Yes, they are very friendly and compatible.
http://www.azpigeons.org/norwichcropper.htm


----------



## MaryOfExeter (Sep 30, 2007)

...Companionable


----------



## Yeasmin (Jun 24, 2009)

They are soo beautyful...


----------



## clucklebeed (Jul 30, 2009)

MaryOfExeter said:


> ...Companionable


Yah, I need to work on my spelling and all, summer vacation really drowns all the stuff you learned!


----------



## piegonsrock (Aug 14, 2009)

*German owls*

could you post some information on taking care of german owls


----------



## piegonsrock (Aug 14, 2009)

*saddel backs*

could you post some information care and matince on saddel backs


----------



## piegonsrock (Aug 14, 2009)

*holle croppers*

could you send me some information on care and matnince


----------



## piegonsrock (Aug 14, 2009)

*english pouter*

could you send me some information on care and matenance for english pouters


----------



## Skyeking (Jan 17, 2003)

I have combined all your threads to one thread in the show pigeons section since those are the breeds you are looking for , and perhaps you can do a search to locate more information on each breed your interested in yourself, and save valuable time. 

Thank you for your interest in show pigeons.


----------



## clucklebeed (Jul 30, 2009)

German Owl
http://www.azpigeons.org/germanowl.htm


----------



## Skyeking (Jan 17, 2003)

Thank you, clucklebeed for sharing those links on the various breeds.


----------



## loftkeeper10 (Jul 31, 2004)

*Pouters And Croppers*

To Start Raiseing The Breeds That Blow I Would Start With Brunners Which Are Very Friendly Always On The Go And Can Raise There Own Young Voorburgs Would Be Next I Have Raised Norwich Which Are Prone To Sour Crop And Really Need Foster Parents For Young Not That They Cannt Just Seems They Are Not The Best I Am Talking From The Stand Ponit Of Show Stock Pouters Croppers Are Great Birds But Some Have The Sour Crop Issue I Always Hated Going To The Loft And Finding A Bird Hunched Over Full Crop And Not Able To Fly Or Barely Able To Move I Did Switch To Pellets Which Helped Some What Were I Could Flush Water And Get The Crop Cleaned Out


----------



## norwich (Jul 29, 2009)

*Norwich Croppers*

Croppers and Pouters are one of the tamest and most beautiful of all pigeons.
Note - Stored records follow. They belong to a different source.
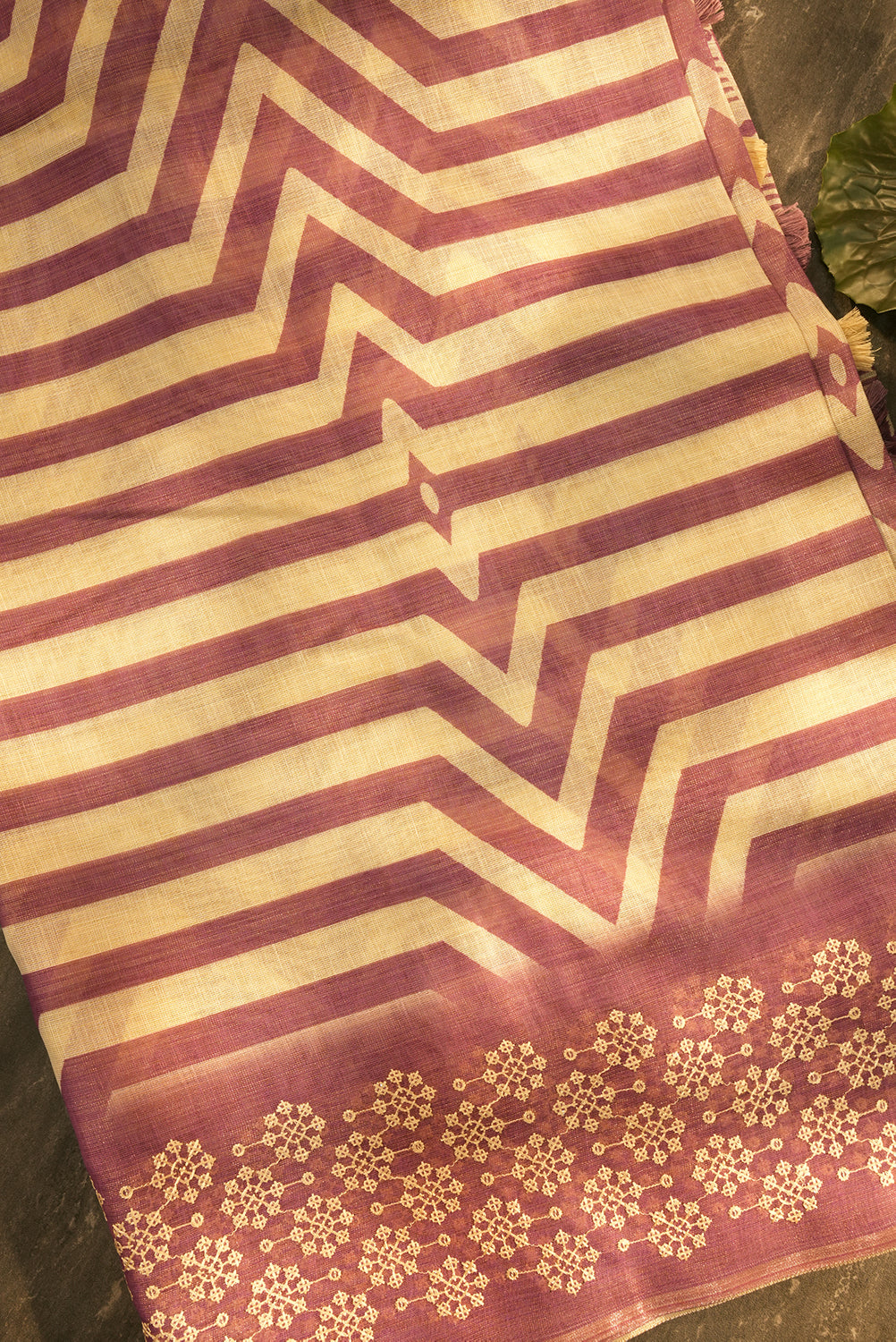 This beautiful saree features a striped body in a soft lavender and cream combination. The highlight is its chevron pattern, which elegantly separates the stripes from the solid lavender border adorned with intricate cream-colored weaving. Unstiched blouse attached.
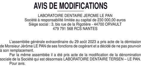 LABORATOIRE DENTAIRE LE PAN - Démission cogérant et modif dénomination
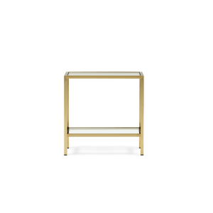 Keswick’s sleek silhouette and gleaming brass finish nod to refined Art Deco glamour. The glass surface and undershelf are set within a metal frame, with angular edges throughout for a smart, sophisticated feel. This side table’s slender rectangular proportions are perfect for nestling beside a sofa or an armchair.
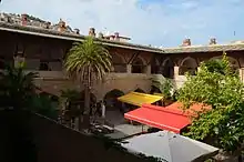 The large courtyard is surrounded by rooms behind arched stoa.[1] The corner rooms are reached by a diagonal passage.[4] There are 28 rooms on ground floor, which have a window next to their door under the stoa facing the courtyard. Entrance to the room is over a step. The fireplace in the room, situated in the wall separating the rooms, is flanked by two small closets.[4]
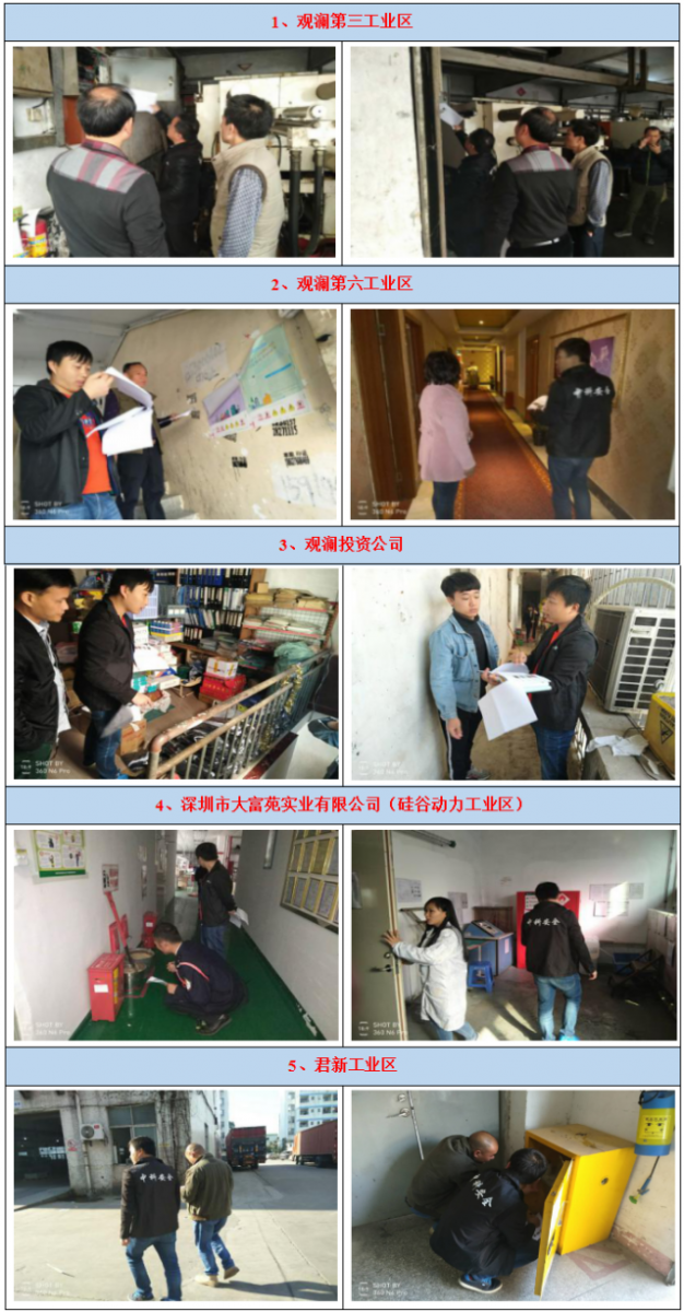 根据龙华投管公司关于安全生产工作的部署,为了加强所辖工业区的生产、经营的安全监管工作,“让专业的人、干专业的事”,龙华投管公司组织深圳市中科安全技术咨询有限公司专家对所辖工业区进行安全隐患检查工作,为下一步安全管理工作打下基础。为此,深圳市中科安全技术咨询有限公司相关专家于2018年1月15日~2018年1月17日对5家园区(物业)进行隐患排查与复查,具体情况如下:
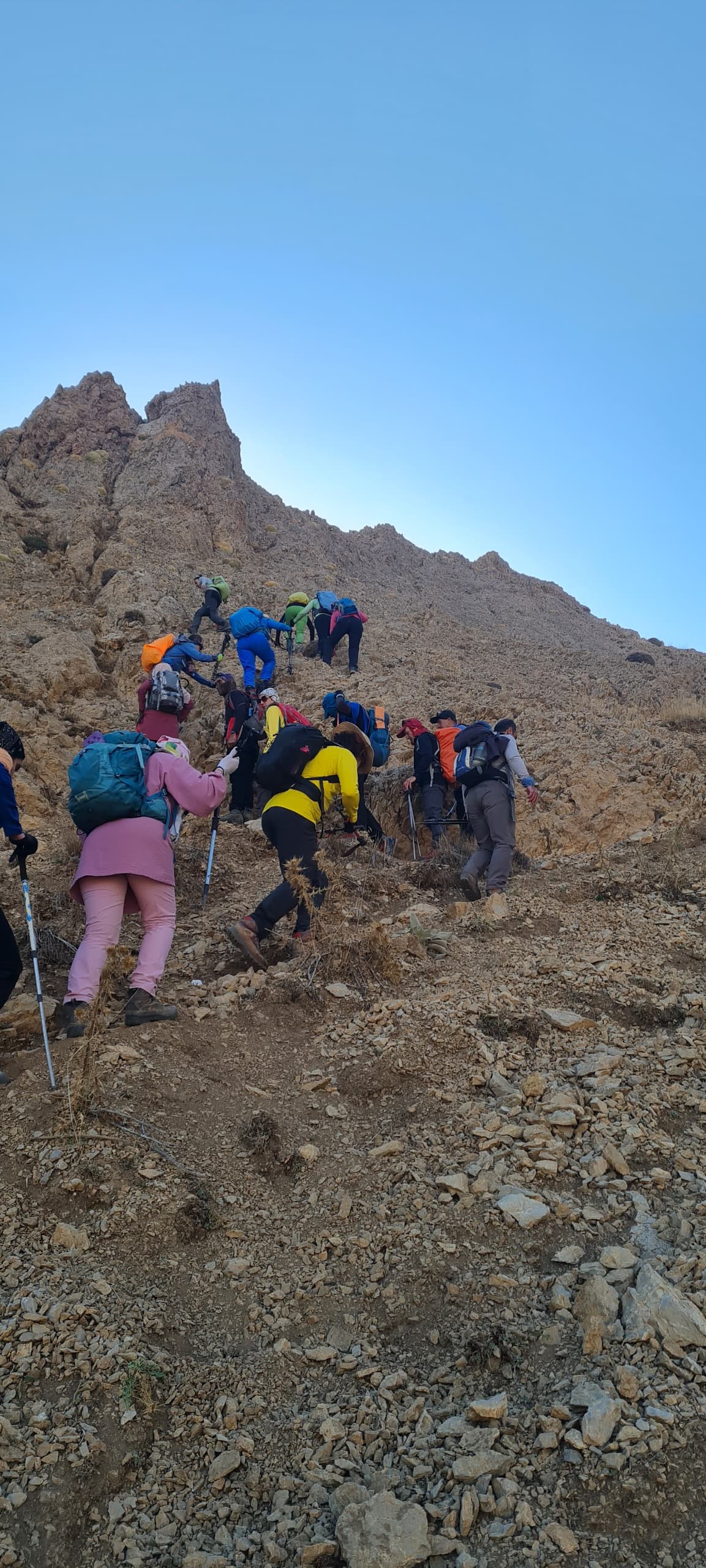 هستش هم میتوان از روی یال که صخره ایی و دست به سنگ میباشد صعود کرد و هم میتوان از پاکوب مجاور یال که کاملا در یک مسیر شیبدار ادامه می یابدادامه مسیر داد. ساعت 8 در انتهای آن شیب تند، در جایی مناسب برای صرف صبحانه توقف 20 دقیقه ای داشتیم. بعد از صرف صبحانه تیم به دو گروه تقسیم شد. تیم اول با سرعت بیشتر به سمت قله حرکت کرد و اولین نفر ساعت 11:07 دقیقه به قله رسید. تیم دوم هم ساعت 11:50 به تیم اول پیوست. قرار بر این بود که از انگمار به پروانه صعود داشته باشیم. اما با توجه به کوتاه بودن روز در این فصل و زمان رسیدن تیم دوم، از این تصمیم منصرف شدیم. بنابراین تا ساعت 12:25 دقیقه روی قله نشستیم و از زیبایی کوهستان لذت بردیم و بعد از گرفتن عکس یادگاری با قله و تجدید قوا، فرود را از همان مسیر صعود آغاز کردیم. که در نهایت آخرین نفرات تیم ساعت 16:30 به محل پارک ماشین ها رسیدند و به اتفاق عازم تهران شدیم.

They will eagerly respond to their keepers. Try these 2 clubs to help you understand the birds. National Pouter and Cropper Club and the Central Cropper and Pouter Club just google their info and you will find their sites


----------



## clucklebeed (Jul 30, 2009)

norwich said:


> Croppers and Pouters are one of the tamest and most beautiful of all pigeons. They will eagerly respond to their keepers. Try these 2 clubs to help you understand the birds. National Pouter and Cropper Club and the Central Cropper and Pouter Club just google their info and you will find their sites


Sounds like a bird I would like, my pigeons wouldn't pay any attention to me if their lives depended on it!


----------



## Pigeon lower (Oct 23, 2007)

Pouters are pretty fun .. I had a few , couple years back they where do big and liked to strunt to my dads homers.


----------



## clucklebeed (Jul 30, 2009)

I think they're a little funny though, their body looks too small for their crop! LOL


----------



## piegonsrock (Aug 14, 2009)

yeah they do


----------